Subunits heterologously-expressed in CHO cells were studied in whole-cell mode. Current-voltage relationships and histograms are mean current ± S.E.M. for 8–12 cells per group. A. Exemplar current families are shown for SENP1-activated K2P1, K2P3, K2P9 and K2P2 expressed without or with (+) K2P1-Y231F. K2P1-Y231F suppressed current passed by K2P1, K2P3 and K2P9 but not K2P2, consistent with assembly of K2P1-Y231F with all but the last subunit type. Current inhibition at 50 mV was 89%, 88% and 76% for SENP1-activated K2P1, K2P3 and K2P9, respectively. Current-voltage relationships are shown; K2P1 basal current is indicated by the open squares. B. Histograms of current at 50 mV in CHO cells expressing the indicated channels before (solid bars) and on application of halothane (hashed bars). K2P3 and K2P9 were studied with control solution in the pipette. Halothane was applied to K2P1, WT-K2P3 and WT-K2P9 after activation by SENP1 in the pipette; as in patches (Figure 5), these channels pass negligible currents without activation by SENP (control). Halothane augmented channel current in the following order: WT–K2P9 ≫ K2P9 > K2P3 > WT–K2P3 or K2P1.

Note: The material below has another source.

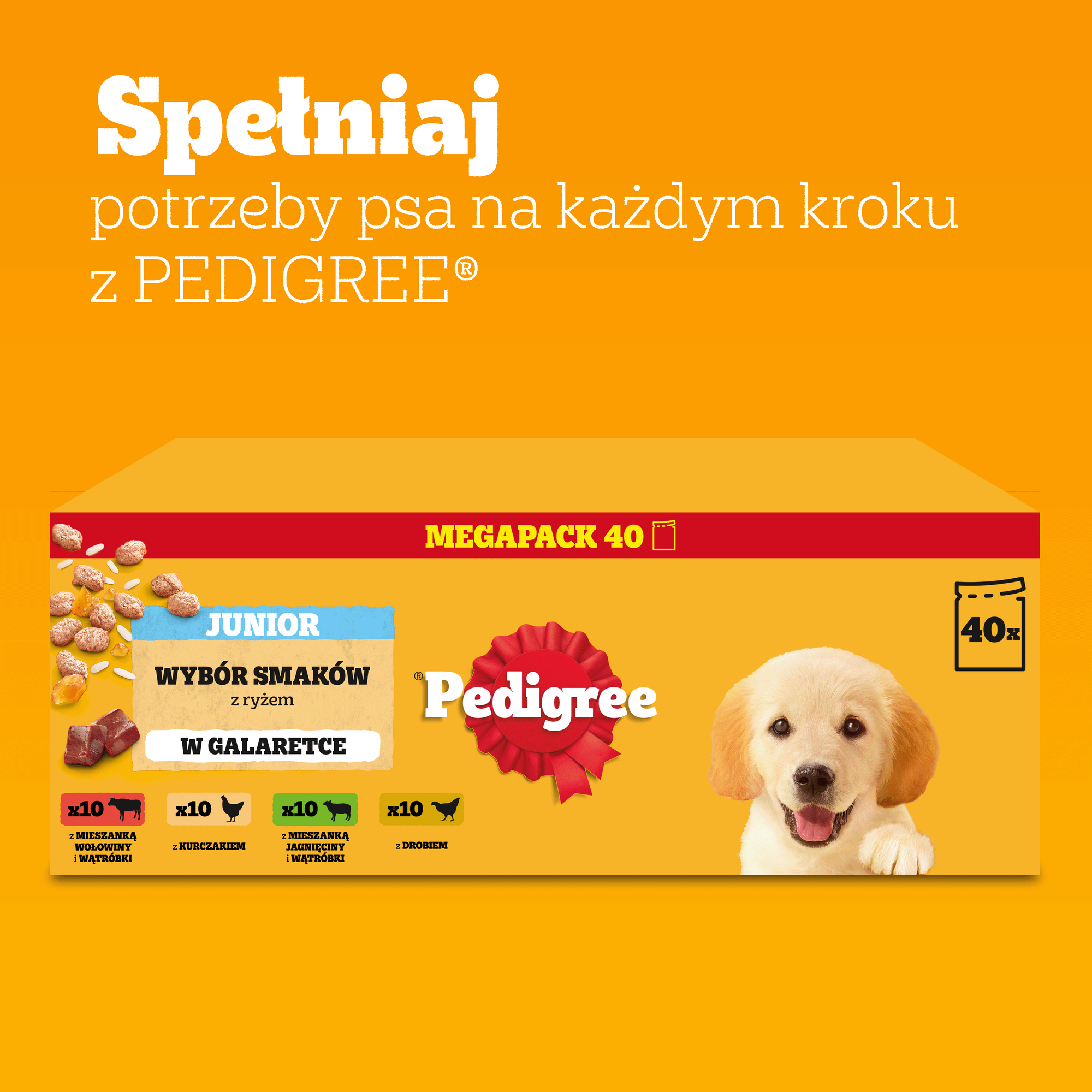 Mokra karma PEDIGREE® Junior Wybór Smaków w smakowitej galaretce to pełnoporcjowe pożywienie ze wszystkimi minerałami i witaminami niezbędnymi dla zdrowego rozwoju. Jest przeznaczone dla dorastających psów. Twoje szczenię rozsmakuje się w czterech wariantach smakowych: kawałki z mieszanką wołowiny i wątróbki i ryżem, z kurczakiem i ryżem, z mieszanką jagnięciny i wątróbki i ryżem, z drobiem i ryżem. Receptura została opracowana przez lekarzy weterynarii i specjalistów ds. dietetyki z Instytutu Nauki o Zwierzętach WALTHAM™. Twój dorastający pupil zasługuje na zdrowy rozwój, dlatego PEDIGREE® Junior zawiera odpowiednią ilość wapnia i fosforu, aby wspierać mocne kości. Zawarte w składzie witamina E i przeciwutleniacze wspomagają naturalne mechanizmy obronne, dzięki czemu Twój pies może dalej odkrywać wielki, wspaniały świat. Karma PEDIGREE® Junior zawiera włókno pokarmowe, które jest łatwo wchłaniane przez rozwijający się układ pokarmowy, bo każde szczenię zasługuje na zdrowy brzuszek.
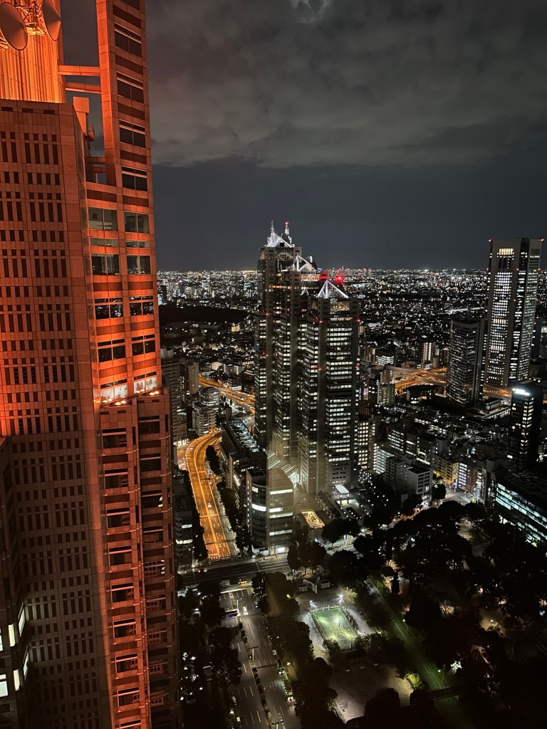 Večer sme sa presunuli do oblasti Shinjuku, kde sa nachádza vládna budova. Dá sa tu ísť na vyhliadku úplne zadarmo, a my sme mali šťastie – akurát prebiehala špeciálna Light Show, pri ktorej každú pol hodinu premietali na budovu rôzne scenérie. Trvalo to asi desať minút a stálo to za to. Hore na vyhliadke bolo viac ľudí, takže sme si chvíľu počkali na výťah, no zážitok bol skvelý. A ešte bonus – veľmi pekný suvenírový obchod s dobrými cenami.

Figure 7. Channels that can incorporate K2P1 mediate the acid-sensitive portion of IKso and are those responsive to halothane

FRET analysis was performed on live CGN that heterologously expressed subunits tagged with CFP or YFP as in Figure 4. Fluorescence decay parameters (mean τ ± S.E.M.) are listed in Table S3. IKso was studied in whole-cell mode, as in Figure 2, with only solution B in the pipette (control), added SUMO1, or added SENP1 (n = 10 cells). Significant changes in IKso magnitude, compared to naive CGN studied with control solution in the pipette, are indicated (*, P<0.001). A. FRET between CFP-K2P3 (or CFP-K2P9) and YFP-SUMO1 requires K2P1. FRET is observed in homodimeric channels between subunits tagged with CFP and YFP (dotted lines); CFP-K2P3 or CFP-K2P9 show FRET with YFP-SUMO1 when wild type K2P1 (WT) is also expressed (NS, indicates no significant change compared to homodimeric channel FRET signal). Controls: FRET was not observed with heterologous-expression of subunits incapable of sumoylation, YFP-SUMO1₉₅ (95) and K2P1-K274Q (Q). B. Exemplar IKso traces and mean current-density histograms. Left, as shown in Figure 2A (Table S1), SENP1 augments IKso. Middle, heterologous expression of K2P1-Y231F subunits ablates augmentation by SENP1 and diminishes IKso by 60% (to 100 ± 9 pA/pF). SUMO1 does not alter IKso (245 ± 22 pA/pF). In contrast, SENP1 augments IKso by ~200%. C. Exemplar IKso traces and mean current-density histograms. Application of halothane (gray traces) augments IKso ~200% but has no effect on IKso in cells expressing K2P1-Y231F (105 ± 14 pA/pF). Adding SUMO1 into the pipette does not alter the effect of halothane (510 ± 44 pA/pF). With SENP1 in the pipette, halothane augments IKso ~345% to 860 pA/pF.